Swinging both ways at the polling place
Nothing stirs my deepest American roots more than voting. And, for a dual national like myself, those roots stir aplenty when I cast my ballot in Israel.
The act of voting is something I never take for granted. I am not one to take off on extended trips far from my polling place or lolly-gag on the beach in lieu of making a choice. It is an act of responsibility. It is also an act of hope.
My life in Israel is longer now than the time I spent living in America. I don’t really remember when that became a fact, but there you have it. It crept up on me. All my associations with voting come from the American in me. Civic duty. Democracy. One man. One vote. If you’re old enough to fight, you’re old enough to vote. Now I’m giving away my age.
I tear up when entering passport control at JFK. A little unusual, but there is something visceral in seeing the American flag in the wide corridors of the airport that gets me each time. And I used to hear the passport officials say to me “Welcome Home” when they let me pass. Now, I ask them to say it – which gets some looks, but, hey, it is home, too.
Voting in my polling place back then meant walking into my high school auditorium and seeing it converted for the day into democracy in action.

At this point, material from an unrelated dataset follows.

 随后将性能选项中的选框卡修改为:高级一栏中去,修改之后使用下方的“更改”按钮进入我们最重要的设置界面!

The volunteers who processed the voters always greeted me by name and remembered me the next election day, too. What was I studying? What were my plans? It was folksy. It was familiar. I loved it.
Those memories come along with me when going to vote in my current neighborhood. Instead of my own school serving as polling place, I go vote at my children’s elementary school, also converted for the day into a bastion of democracy.

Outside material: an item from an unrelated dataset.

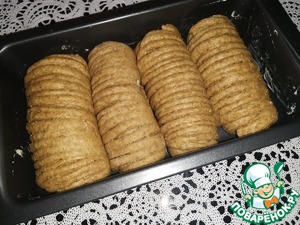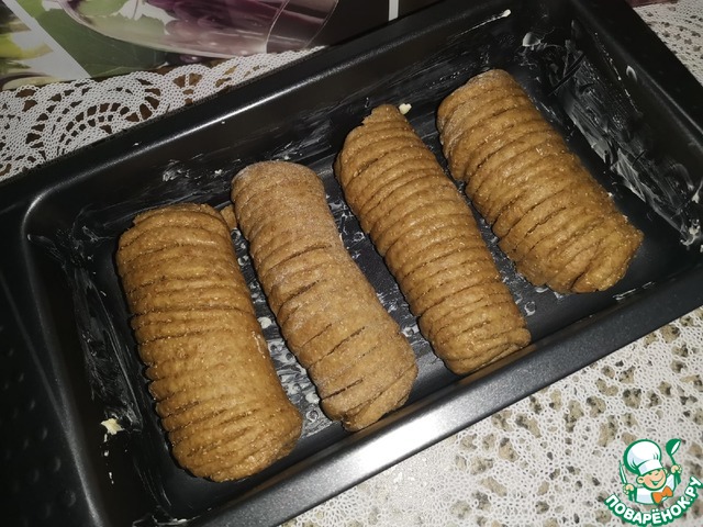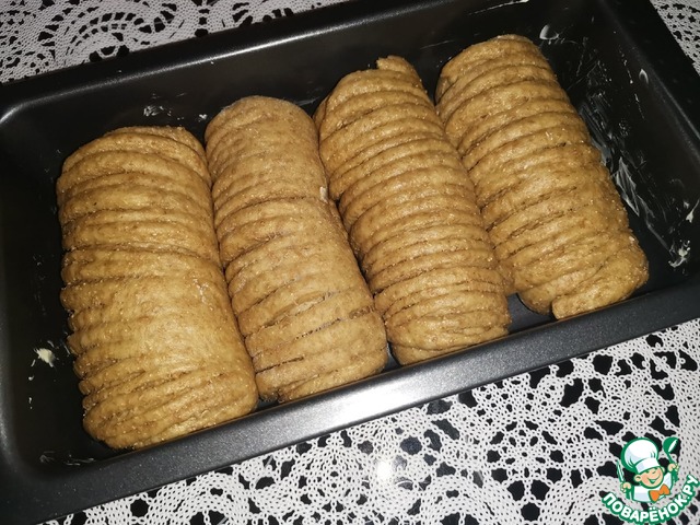• Уложить рулетики в смазанную маслом форму и оставить на ~20 минут до увеличения батончиков в объёме.

Instead of a southern Maryland suburb of Washington, D. C., I vote in another capital city: Jerusalem. And not just any old neighborhood, either. I live in the Jewish Quarter of the Old City of Jerusalem. To exercise one’s electoral privilege in direct view of the original City of David and the location of the First and Second Temples is to require just a moment of pause.
Loaded does not quite describe the feeling. The weight of thousands of eyes of ancestors feel like they are bearing down on me as I make my decision. To vote as a free Jew in Jerusalem in the State of Israel would have been an unimaginable fantasy to my own grandparents who were disenfranchised by their own government in a country they and their predecessors had lived in for hundreds of years.

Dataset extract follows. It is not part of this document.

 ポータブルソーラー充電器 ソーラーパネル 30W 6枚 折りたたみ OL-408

Entering my polling place, I can’t help but remember that the building itself served as the home to the poor of the Old City until 1948. Built with the largess of one of the most powerful Jews in history, Rothschild, the Batei Machse was converted to a public elementary school for religious kids when the Jewish Quarter reverted to Israeli hands in the defensive war of 1967.
Polling place Number 506 is where I am assigned. It was certainly one of my children’s classrooms, though now the memory is fuzzy as to which one. The private booth replete with the Israeli system of slips of paper with abbreviations for each of the (32!) parties running are all arranged and ready to be selected. For most voters it is not a last minute decision that needs pondering. But the confusion of all those abbreviations may need sorting out, and a handy poster listing all the abbreviations and the parties they represent is close by.
The poster is next to the window. When you walk to the Kotel or drive down the road next to the inside of the south-facing wall of the Old City, you are passing under the room where I voted this morning. The view includes Silwan, the Mount of Olives and King David’s home on the banks of the Shiloach.
I try not to do too much of a number on myself when making my voting choice. Jewish responsibility sent to me across the millenia mixes all too easily for me with Jewish guilt. Will I be satisfied with my own choice?
And then to the actual voting box. Another election already behind me. The results will be announced fairly early in a country that has one time zone. The real results only come in the coming weeks when the tension of coalition politics play out. Israeli coalition politics makes the counting of the Electoral College votes look like child’s play.
One thing is for sure: there is no such thing as a wasted vote. The act itself is the message.
And what, you may be curious, does this have to do with art? Freedom makes art possible.